A recent systematic review17 summarised the findings of four randomised controlled trials investigating the effects of intra-articular corticosteroid injections in osteoarthritis. All trials investigated responses in knee osteoarthritis. Jones and Doherty9 noted a mild improvement in visual analogue score at three weeks with steroid injection (methylprednisolone, 40 mg) compared with placebo. In only two further trials were significant improvements in pain scores noted with steroid compared with placebo,8,18 and the improvement was only noted at one week after the injection. In addition, the study by Friedman and Moore8 showed a marked placebo response similar to our own findings. In general the benefits of steroid injection appear to be short lived and at present it is difficult to identify any disease factors which may act as predictors of response.

The presence of clinical signs of inflammation at a joint has been mentioned as one possible indicator of response to steroid injection.
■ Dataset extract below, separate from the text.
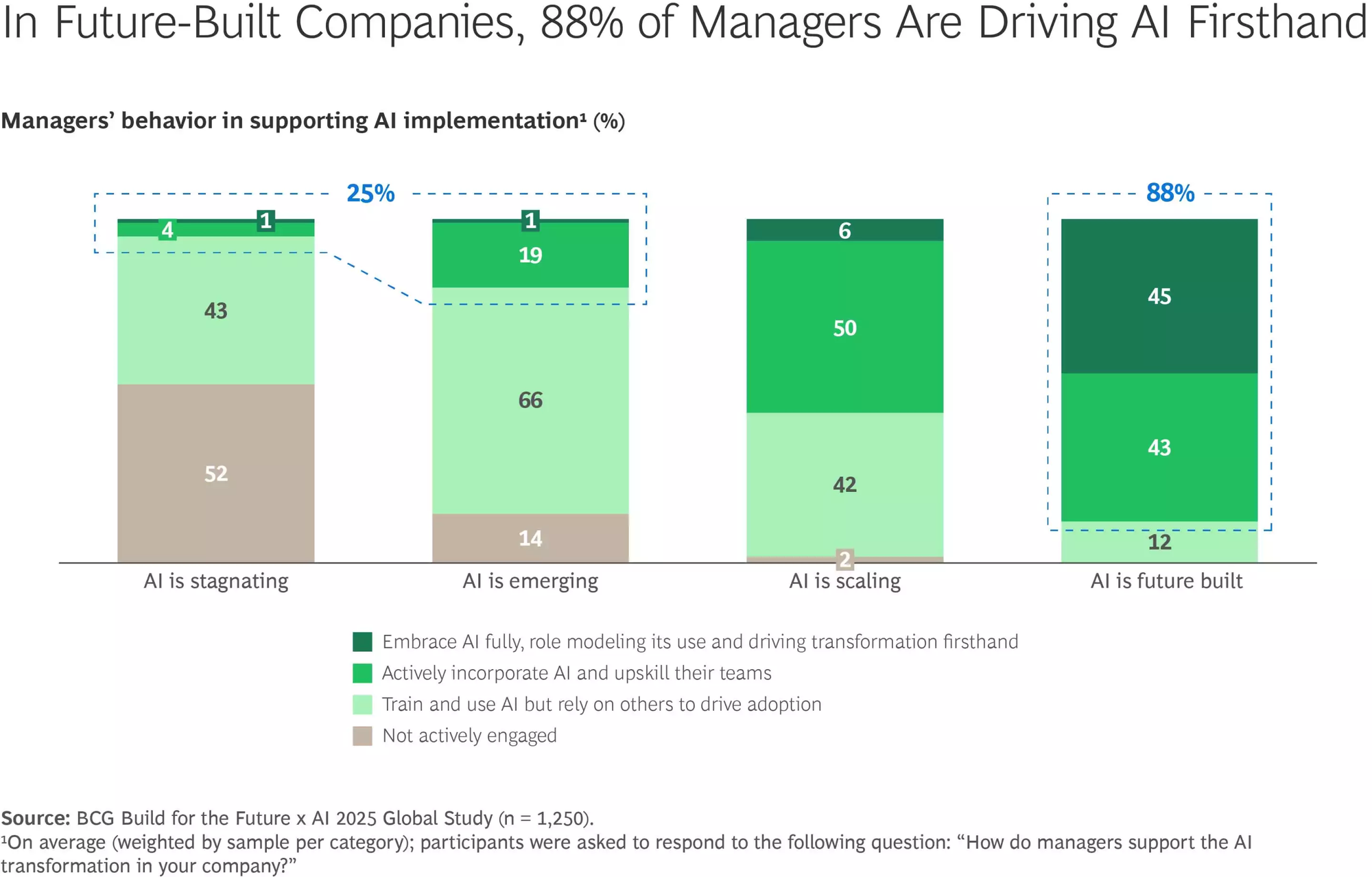 AX는 기술적 변화를 넘어선 문화적 변화를 요구하지만, 많은 조직이 구성원들의 컨센서스를 간과합니다. 대부분의 실무자들은 AI를 자신의 전문성을 강화해 줄 파트너 정도로 인식하고 있으며, 구조적으로 AI를 전 업무에 도입하는 순간 오히려 업무 부담을 가중시키는 방해물로 인식하게 됩니다. 실제로 매킨지(McKinsey)의 보고서에 따르면, 성공적인 AX의 비밀은 기술이 아닌 조직 구성원의 수용도와 변화 관리 (Change Management)에 있다고 하였습니다. 적절한 동기부여와 재교육 과정 없이 도구의 사용만을 강요하는 문화에서는 직원들이 기존의 관행을 고수하게 되며, 결과적으로 막대한 자본이 투입된 시스템은 사장될 수밖에 없는 것입니다.

It seems likely that the role of inflammation in osteoarthritis varies both with location and with time interval.19 In this study we did not find any significant change in the cardinal clinical features of joint inflammation—that is, joint stiffness or tenderness—with time.

The radiographic features of osteoarthritis have been shown to influence the clinical response to steroid injection. Plant et al20 noted that hip joints with an atrophic pattern on plain radiography responded less favourably than those with a hypertrophic or mixed pattern. Joint space narrowing did not, however, influence the analgesic response to steroid injection in hip osteoarthritis. Our cohort had radiographic evidence of moderately severe degenerative changes within the CMCJ on plain radiography and it is possible that this has been an important factor influencing response.

There are various caveats to this study. It was underpowered, which reflects the fact that patients with primary thumb base osteoarthritis are difficult to recruit for research projects. The trial was discontinued because of difficulties with recruitment. Patients in this category tend to have failed other forms of treatment available in the primary care environment and are usually at a moderately advanced stage of the disorder when they are referred to hospital specialists. Most patients in this study had moderate to severe osteoarthritis, which may reflect their poor response to treatment. Nevertheless, this is the first randomised controlled trial of this type of corticosteroid injection in hand osteoarthritis. The patients were a homogeneous group with regard to their baseline characteristics, and accuracy of delivery of the injected substance was attained by radiographic guidance.


In summary we found no benefit of steroid injection over placebo in moderate to severe osteoarthritis of the thumb base. Future research should concentrate on the clinical outcome following treatment delivered at the first presentation of pain within the primary care environment.